Analyzing the switch circuitry for an HF Amplifier

[ms002]

Homework Statement

I am trying to figure out what every transistor in this circuit does. how do they function together and what kind of effect should I expect

Relevant Equations

Q1, Q3, Q4, 6 are NPN Transistors
Q2 is a p mosfet
Q5a is n mosfet

 

[Baluncore]

Welcome to PF.

That looks like a LTspice schematic, but it is hard to read.
Please attach a copy of the schematic file to your next post, so I can read and run the simulation. Extend or change the file extension to schematic.asc.txt so it can be attached to the post, since it is an ascii text file on the inside.

 

[ms002]

Welcome to PF.

That looks like a LTspice schematic, but it is hard to read.
Please attach a copy of the schematic file to your next post, so I can read and run the simulation. Extend or change the file extension to schematic.asc.txt so it can be attached to the post, since it is an ascii text file on the inside.

iam sorry i forgot to attach the file. here you go. and thanks in advance

 

[berkeman]

Welcome to PF.

Since this is your schoolwork problem, you need to tell us what you think before we can provide tutorial help. What are your thoughts, and what have your simulations so far shown you? Please attach screenshots of your simulations so we can better understand your work so far. Thank you.

 

[Baluncore]

iam sorry i forgot to attach the file. here you go. and thanks in advance

For which BJT transistors, do you recognise the circuit and purpose?

Where does the circuit come from? It looks like it was designed by a committee.
It has a DC gain of about ten. If you have run the simulation, then verify that it works with an 8 volt input signal, rather than the 40 volt V2 input overdrive.

Can you give me a web link to the component library zip file you use, rather than the embedded link to your HDD. ".lib ????? \Github\Amplifier\libs\Bib.LIB"

Avoid decimal points with LTspice, use a single letter.
0.1u = 0u1; 4700 = 4k7; 220 ohms = 220R; 2.2 ohms = 2R2

R3 to R12, with C2 to C11, are connected across a pure voltage source. They play no part in this simulation, but will play a part in the physical realisation

 

[ms002]

For which BJT transistors, do you recognise the circuit and purpose?

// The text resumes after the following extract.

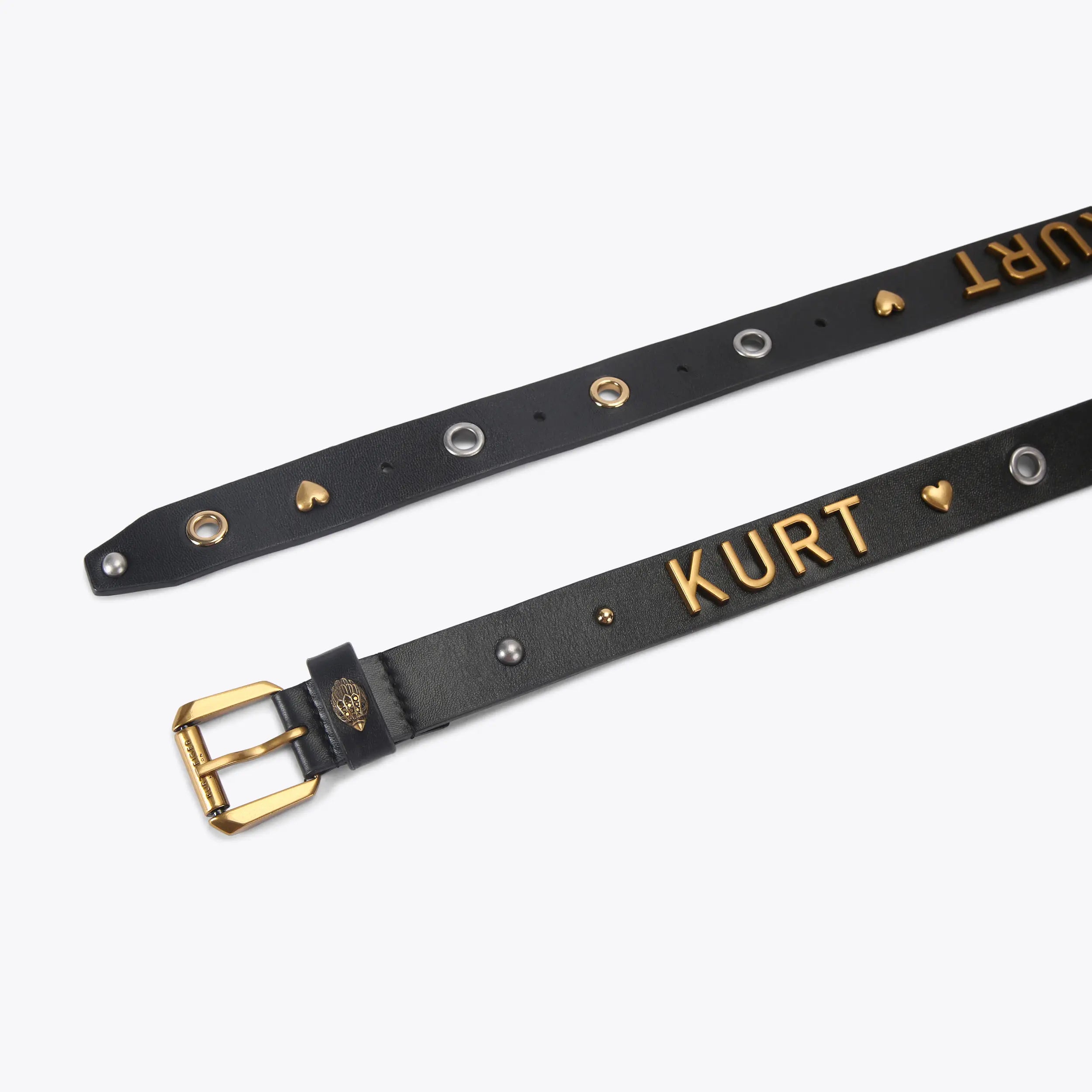 This Kurt Belt arrives in a black leather with antiqued brass KURT branding and studs across the outer side. There is an antiqued brass buckle and eagle head on the loop.

Where does the circuit come from? It looks like it was designed by a committee.
It has a DC gain of about ten. If you have run the simulation, then verify that it works with an 8 volt input signal, rather than the 40 volt V2 input overdrive.

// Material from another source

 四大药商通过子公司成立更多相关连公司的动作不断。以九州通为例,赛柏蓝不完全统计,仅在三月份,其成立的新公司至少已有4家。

Can you give me a web link to the component library zip file you use, rather than the embedded link to your HDD. ".lib ????? \Github\Amplifier\libs\Bib.LIB"

Avoid decimal points with LTspice, use a single letter.
0.1u = 0u1; 4700 = 4k7; 220 ohms = 220R; 2.2 ohms = 2R2

R3 to R12, with C2 to C11, are connected across a pure voltage source. They play no part in this simulation, but will play a part in the physical realisation

the circuit is designed as a switch for a hf amplifier. iam trying to recreate the switch itself. i know that Q2 and Q5a activates and deactivate depending on whether the Voltage is positive or negative. push pull function. Q3 and Q 4 are differential amplifier. iam not sure why are they there tho. Q6 grounds the signal when the voltage is negative. iam not sure about the function of Q1
i know that R2 and R19 is a voltage devider. and R 16, R20, C13 is a low pass filter.
iam not sure what R58, R59 and R22 do but iam assuming its something to do with Vp.
My goal is to simulate the functionality of a switch and to understand what each transistor do.
so Vamp should be 0 what V2 is low( 0 ) and 56 when V2 is high (40). doent matter to me what is the high number. it could also be 5. its just a random pulse i created to reconstruct a button

 

[ms002]

Welcome to PF.

Since this is your schoolwork problem, you need to tell us what you think before we can provide tutorial help. What are your thoughts, and what have your simulations so far shown you? Please attach screenshots of your simulations so we can better understand your work so far. Thank you.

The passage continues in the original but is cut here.